Chunking

In one line

Splitting documents into smaller, retrievable pieces before embedding so retrieval returns the right span instead of an entire wrong book.

What it actually means

You can’t just embed a 200-page PDF as one vector — meaning gets averaged into mush and you can’t fit the whole thing back into the prompt. Instead you split into chunks (say 200–800 tokens) with some overlap (10–20%), embed each, and store them with a pointer to the source. Strategies range from naive fixed-size, to sentence-aware, to recursive splitters that respect headings and paragraphs, to semantic chunking that groups by topic shifts. Smarter chunkers cost more but recover more answers per query.

Why it matters

Chunking quietly determines retrieval ceiling. Chunks that are too big dilute relevance; too small fragment the answer across multiple rows you’ll never both retrieve.
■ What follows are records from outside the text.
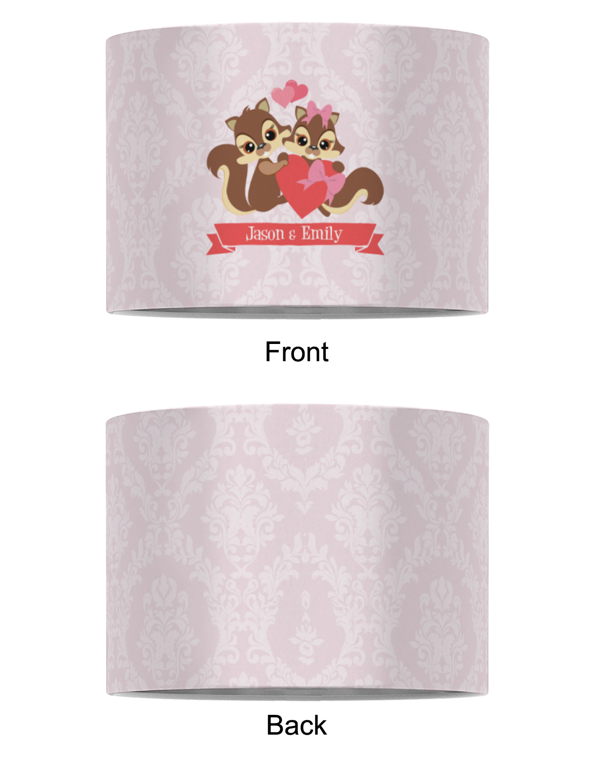 This Raccoon Couple Design is perfect for Valentine's Day or even for a newly engaged or married couple. It features a damask background in light pink with a raccoon couple in front holding hearts. The female has a bow on her head. There is a ribbon under the couple that can be customized with the couples names or even Mr. & Mrs. Your Text.
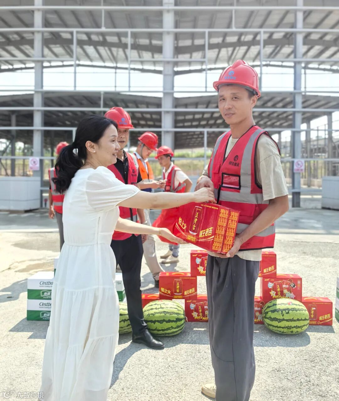 在炎炎夏日里,工地的温度持续攀升,但大家对待工作的热情与干劲却丝毫未减。他们身着厚重的工作服,挥汗如雨,为项目的顺利推进贡献着自己的力量。为表达对员工的敬意与感谢,合盛公司工会精心准备了清凉饮料、水果等慰问品,希望能为大家带来一丝凉爽与舒适。
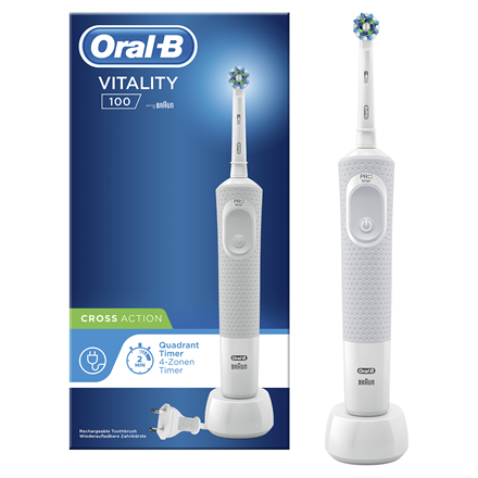 Oral-B Electric Toothbrush Vitality 100 CrossAction Rechargeable, For adults, Number of brush heads included 1, White, Number of teeth brushing modes 1
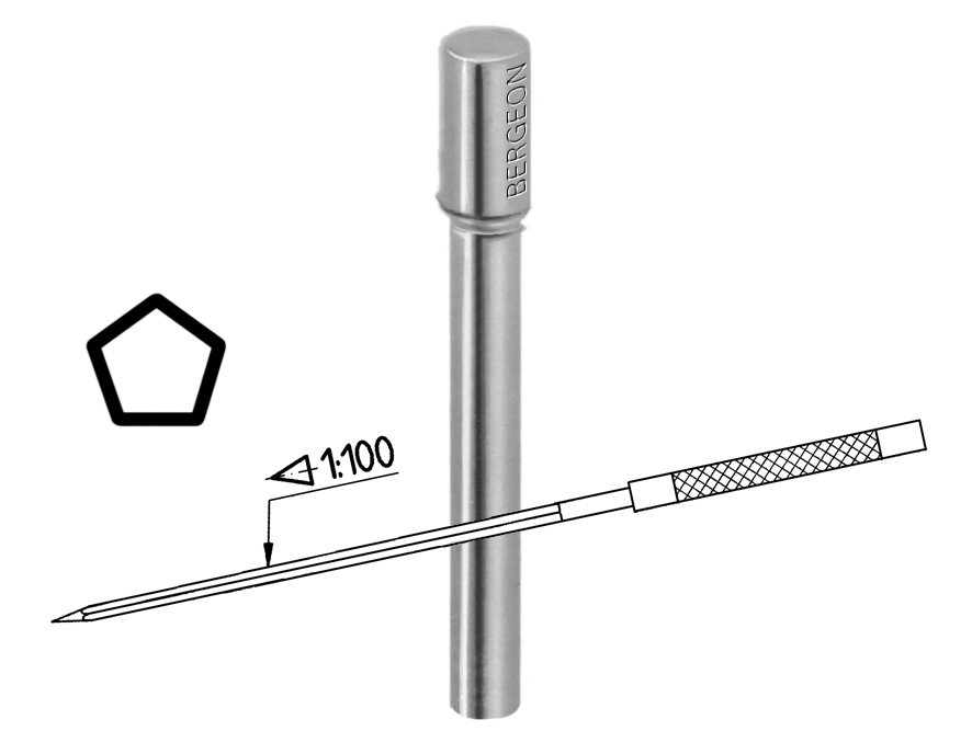 Konisch, fünfkantig, mit Metallheft.
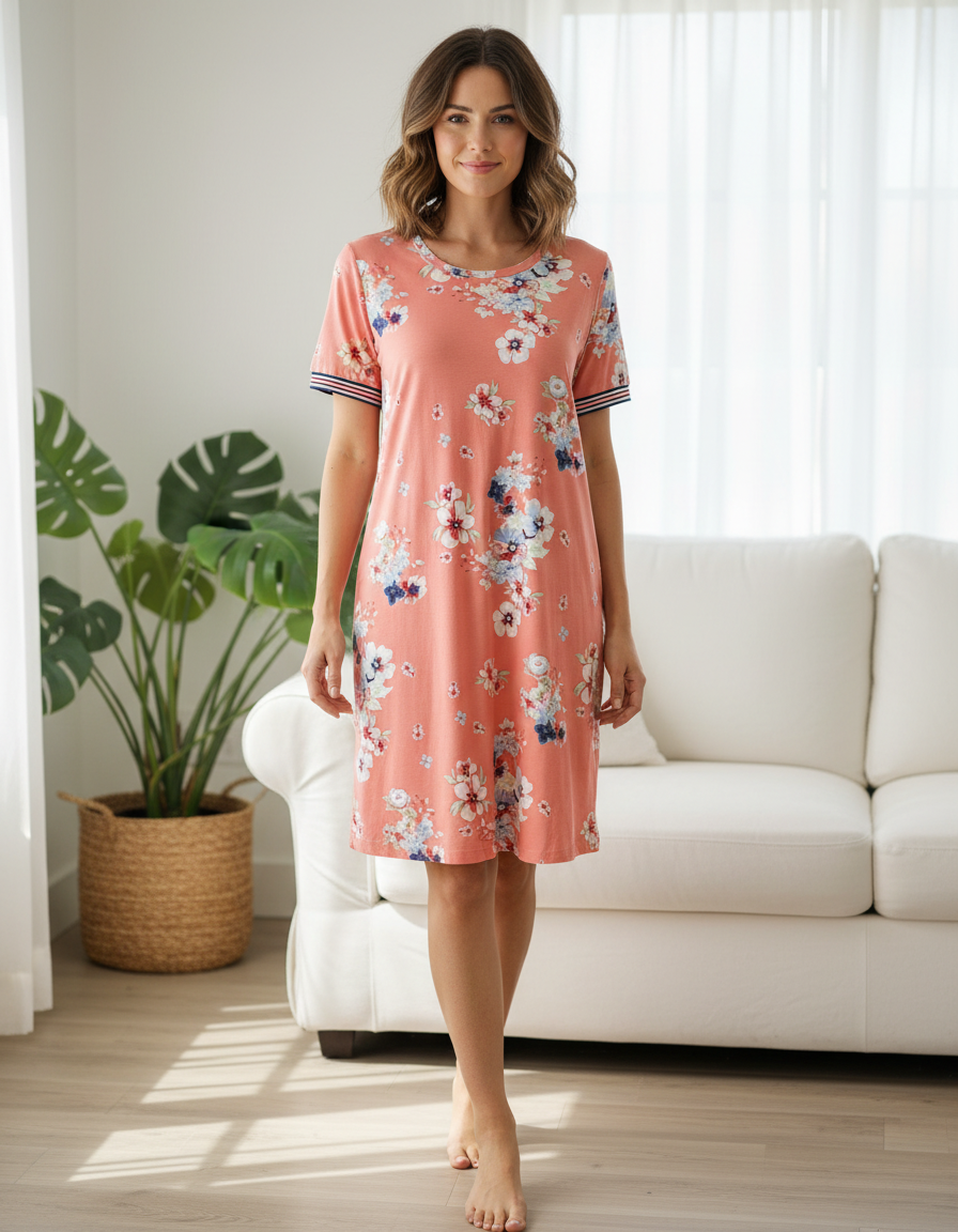 Βαμβακερό Homewear με κοντό μανίκι RINGELLA Fashion 9251001,πορτοκαλί φλοράλ(311).

Most “the model can’t find the answer” issues are really “the answer is split between chunk 14 and chunk 15 and we only retrieved 14”. Tuning chunk size, overlap, and respect for structure pays for itself fast.

Example

def chunk(text, size=600, overlap=100):
    tokens = tokenize(text)
    out = []
    i = 0
    while i < len(tokens):
        out.append(detokenize(tokens[i : i + size]))
        i += size - overlap
    return out

You’ll hear it when

• Building any RAG pipeline.
• Investigating low retrieval recall.
• Indexing PDFs, code, or transcripts.
• Comparing fixed-size vs structural vs semantic chunkers.
• Tuning chunk overlap to balance recall against index size.